[Dataset entries]
'''
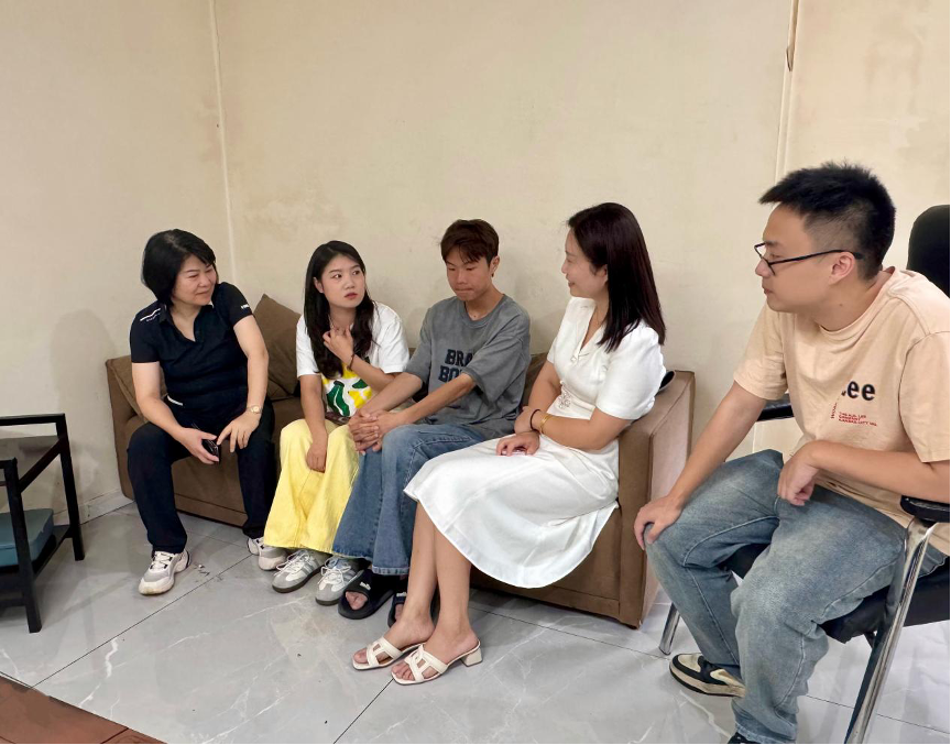 家访团队前往2024级国际商务专业欧同学姐姐的工作地。欧同学父亲患有白内障,需在家照顾奶奶,母亲在外打工,姐姐承担了他的大学学费。欧同学暑假期间通过跑外卖减轻家庭负担。他的姐姐感叹:“入学后的变化很大,现在不仅会规划未来,还主动打工分担压力,感谢学校的悉心培养。”
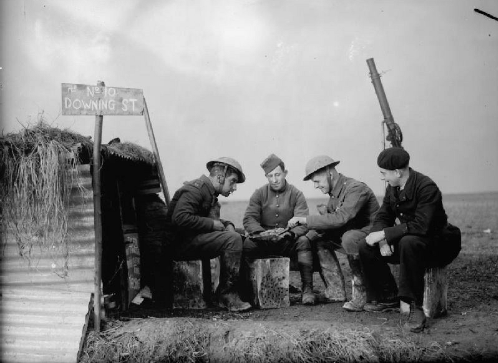 Pozemní personál britského a francouzského letectva si krátí dlouhou chvíli u krytu s nápisem upomínajícím na adresu britských premiérů
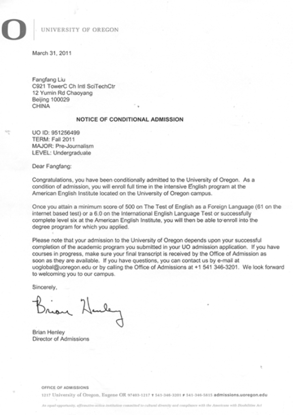 刘芳芳同学是我项目2010级学生,在贸大信息学院IAC国际课程班一年的学习提升,获得了美国高校俄勒冈大学的OFFER。
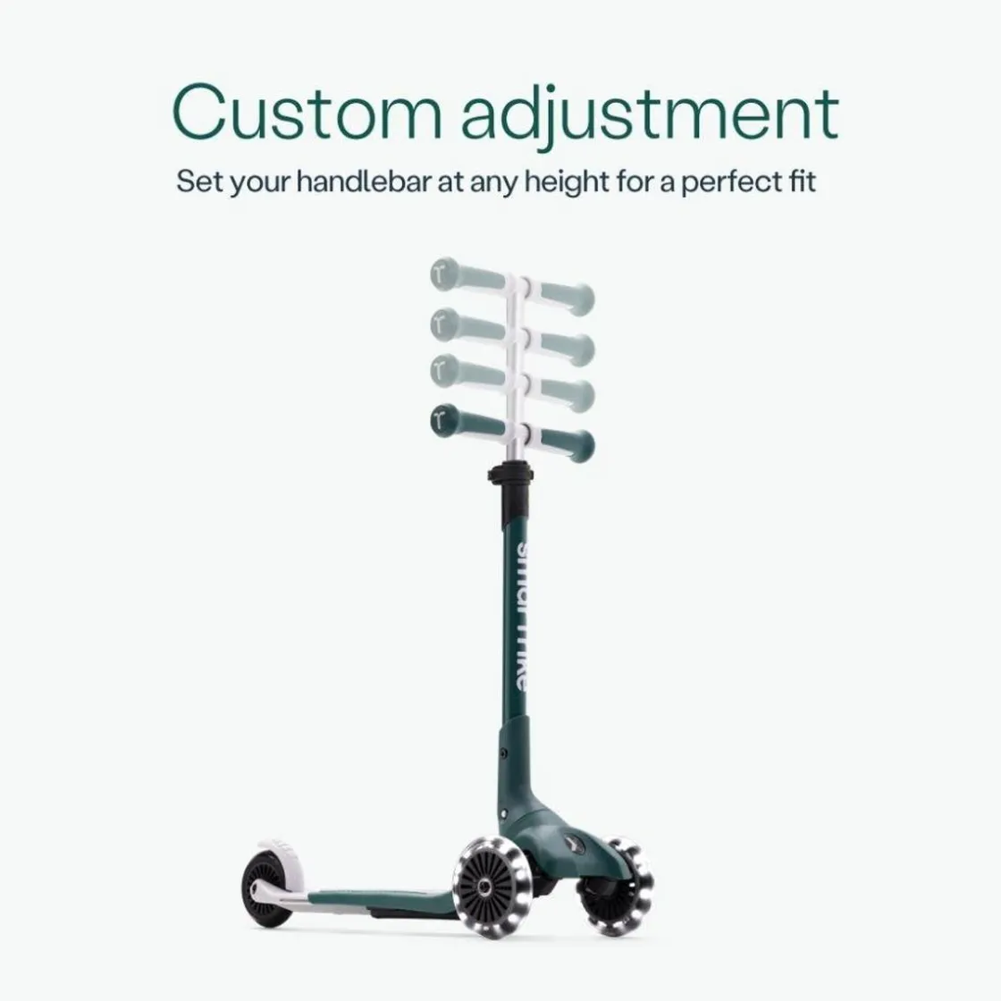 El patinete evolutivo SmarTrike Xtend Mini+ Green es la opción ideal para acompañar a los niños desde los 2 hasta los 9 años. Su innovadora base extensible permite ajustar la longitud del patinete en tres posiciones, adaptándose al crecimiento del niño sin necesidad de herramientas. Además, cuenta con un manillar regulable en altura y ruedas LED que iluminan el camino, ofreciendo mayor visibilidad y diversión durante los paseos. Su sistema de plegado rápido con solo presionar un botón facilita su transporte y almacenamiento. Con un peso ligero de 2,7 kg, es fácil de manejar para los pequeños. Disponible en colores azul, rosa y menta.
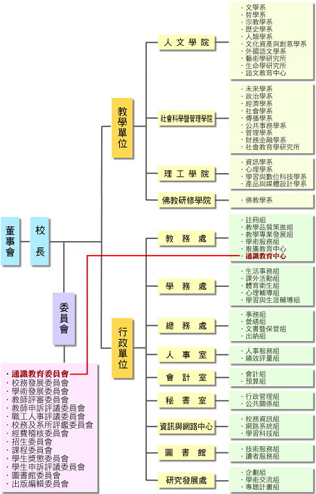 通識教育專業專責單位行政層級圖
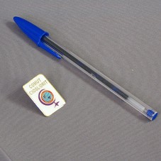 BÓTON RETANGULAR (2X3 CM) EM METAL DOURADO, COM FUNDO BRANCO. POSSUI DESENHO DO GLOBO MUNDI DENTRO DE UMA SEMI-CIRCUNFERÊNCIA LILÁS E 'COMUT / CIOSL/ORIT'.
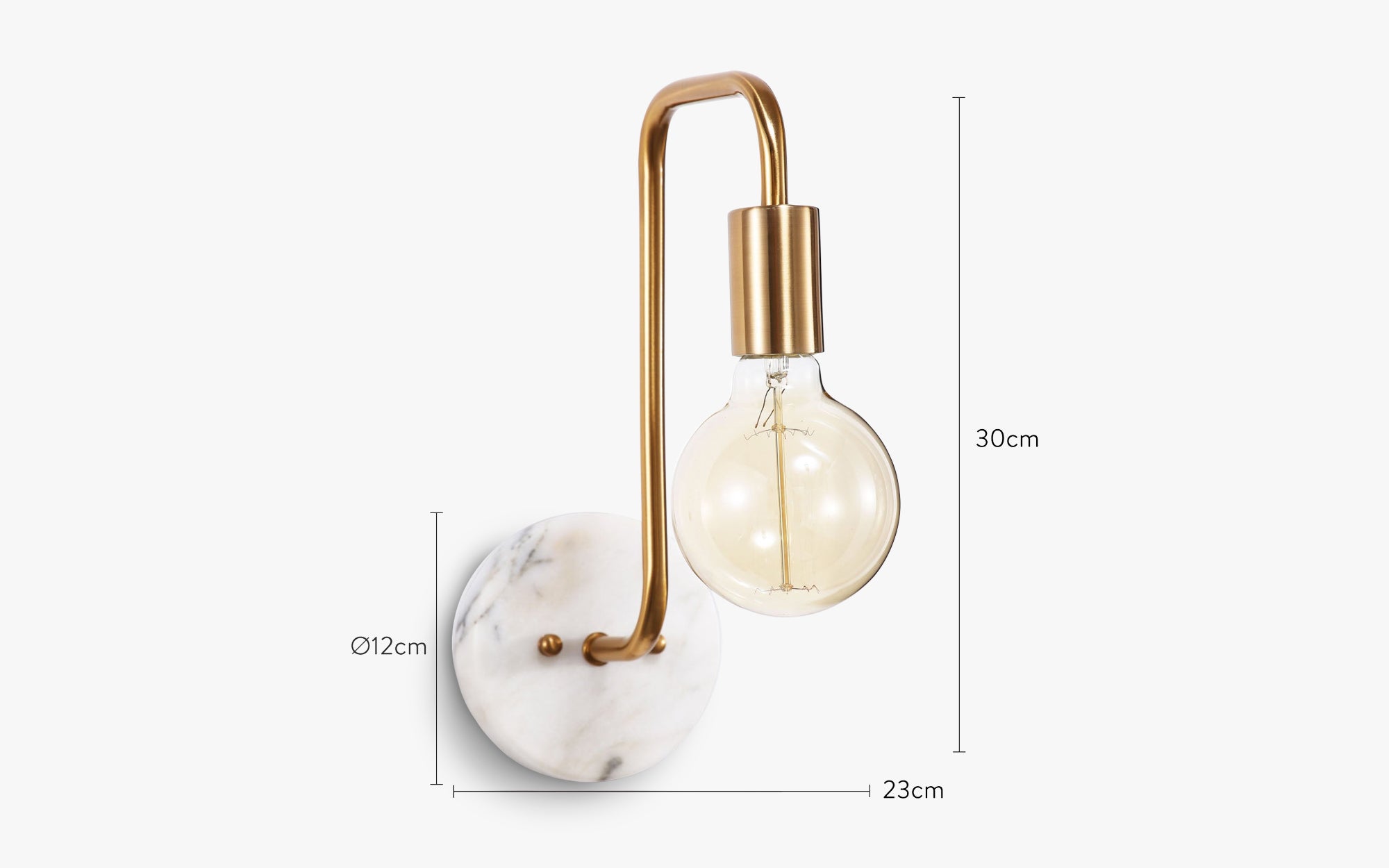 De delicate, wit-gemelified marmeren versie is perfect afgerond door de messing gekleurde stalen beugel. We raden een eenvoudige ronde van koolstofbol aan, omdat Flamingo op deze manier tot zijn recht komt.
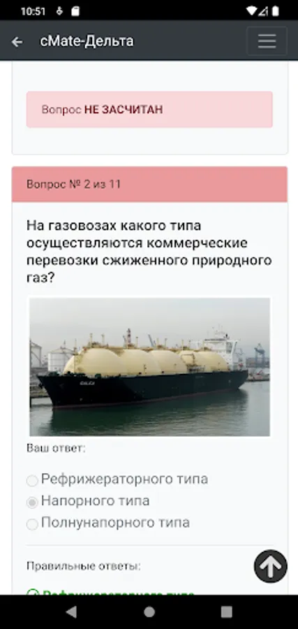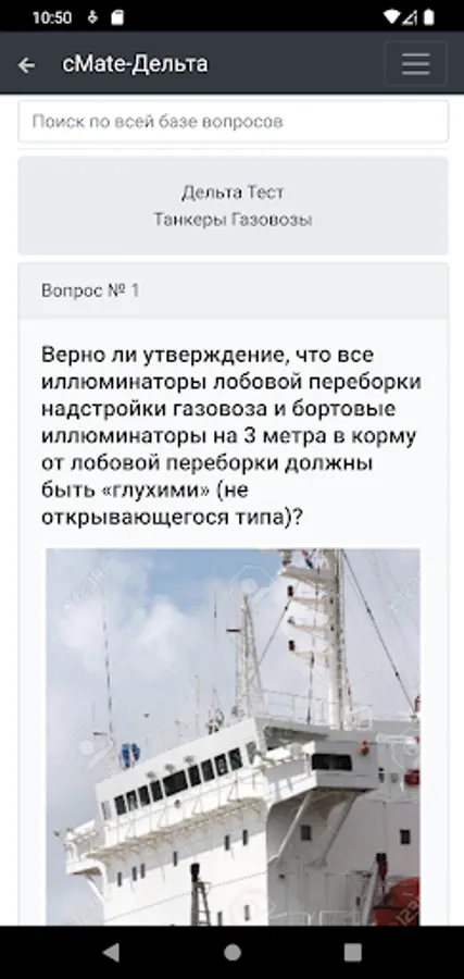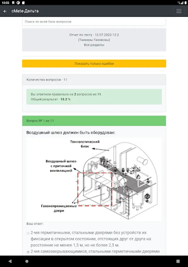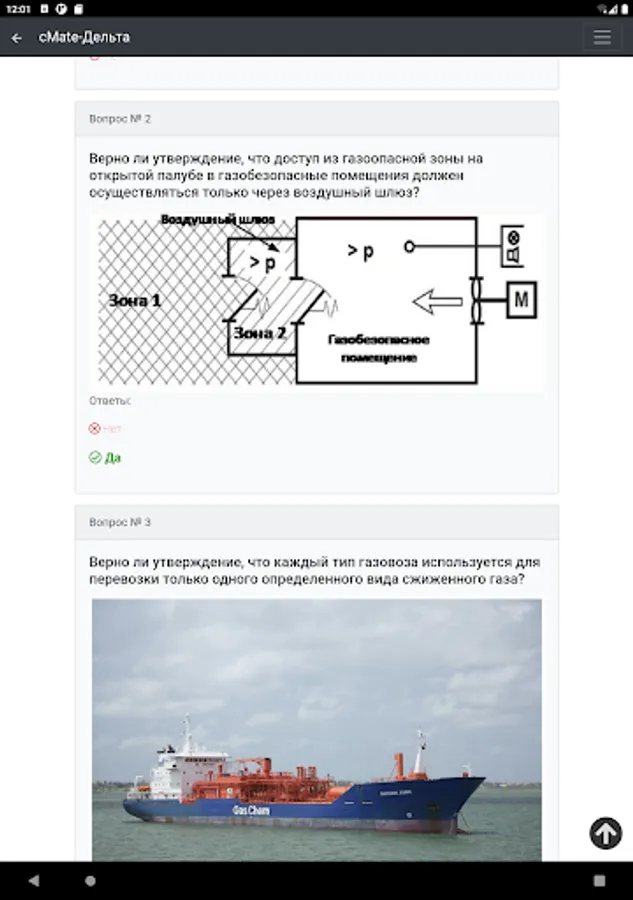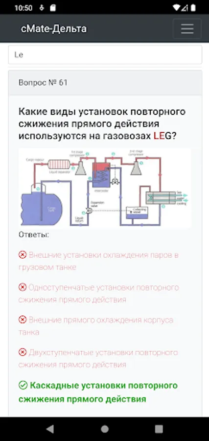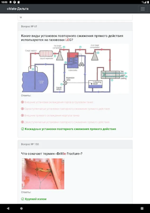 The application is designed to test the knowledge of crew members of ships. Specialists in carrying out cargo operations on gas carriers with initial training
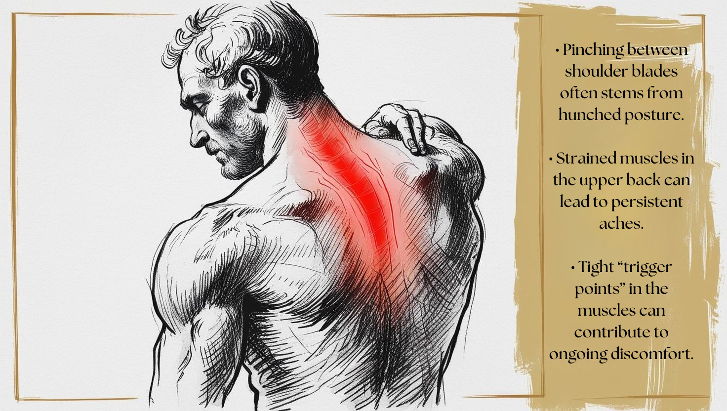 Upper Back Pain: Why do I feel a pinching sensation between my shoulder blades when working at my desk?
'''
▶ **What to produce**
When you reach the line that has "通識教育專業專責單位行政層級圖" in the data above, start repeating lines exactly, and stop after the line that has "BÓTON RETANGULAR (2X3"; pictures stay out.

▶ **Result of this task**
 通識教育專業專責單位行政層級圖
 BÓTON RETANGULAR (2X3 CM) EM METAL DOURADO, COM FUNDO BRANCO. POSSUI DESENHO DO GLOBO MUNDI DENTRO DE UMA SEMI-CIRCUNFERÊNCIA LILÁS E 'COMUT / CIOSL/ORIT'.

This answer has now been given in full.